Pelajaran #9: Jangan Diambil Terlalu Serius
Saya ingat waktu saya bekerja di Midtrans, saya melakukan pertemuan one-on-one dengan manajer saya dan saya menceritakan bahwa saya tidak bisa perform dengan baik dan saya bingung kenapa. Bos saya itu bilang, hal buruk apa yang terjadi ketika kamu tidak berhasil menyelesaikan projek saya. Kalau tidak ada ya tidak masalah, saya bisa ambil projek lain yang lebih penting dan lebih mungkin tercapai (achievable). Kembali ke startup X, karena saya hanya karyawan, pada akhirnya perusahaan ini bukan perusahaan saya, jika perusahaan ini tidak mau diberi masukan, tidak mendengarkan pegawai atau orang-orang di dalamnya bukan salah saya jika teman-teman atau saya pun pergi untuk mencari hal yang lebih baik.

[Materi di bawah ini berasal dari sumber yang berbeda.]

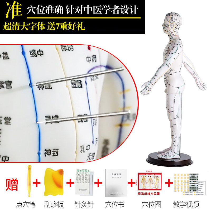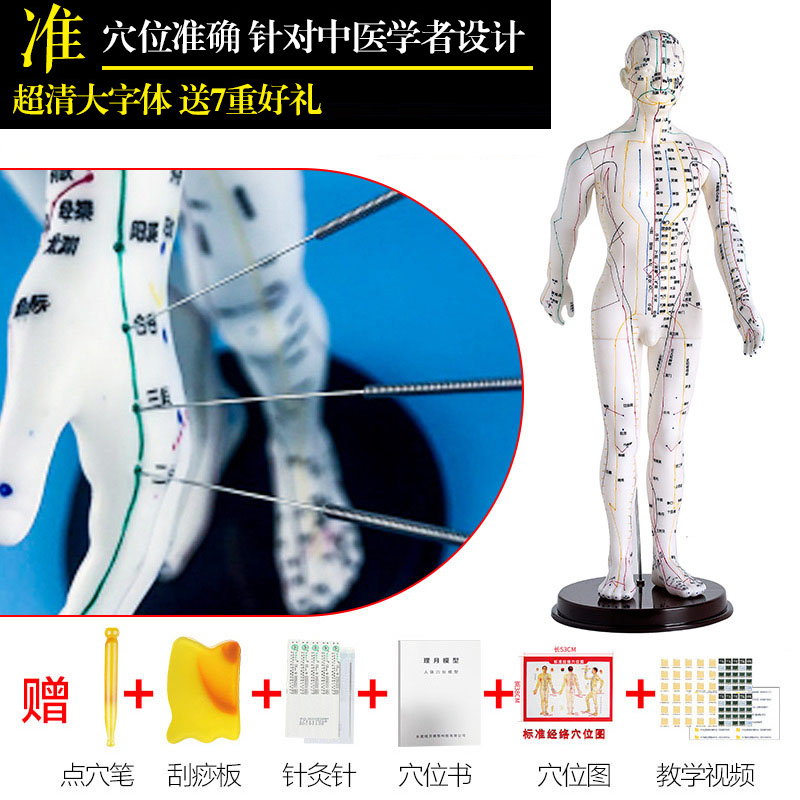 Acupuncture acupoint human body model traditional Chinese medicine men and women whole body meridian small copper color people can prick needle human model small person figure silicone

Saya bisa mati-matian berusaha keras untuk perusahaan agar bisa maju. Saya bisa mencoba membangun budaya yang menyenangkan, sehat, dan memiliki ikatan yang kuat. Tapi, karena ini bukan milik saya dan bukan impian saya, semua dikembalikan kepada manajemen di atas. Tugas kita sebagai karyawan adalah mencoba memberikan yang terbaik pada kapasitas kita.
Semoga ada manfaat yang bisa diambil dari pengalaman yang saya alami.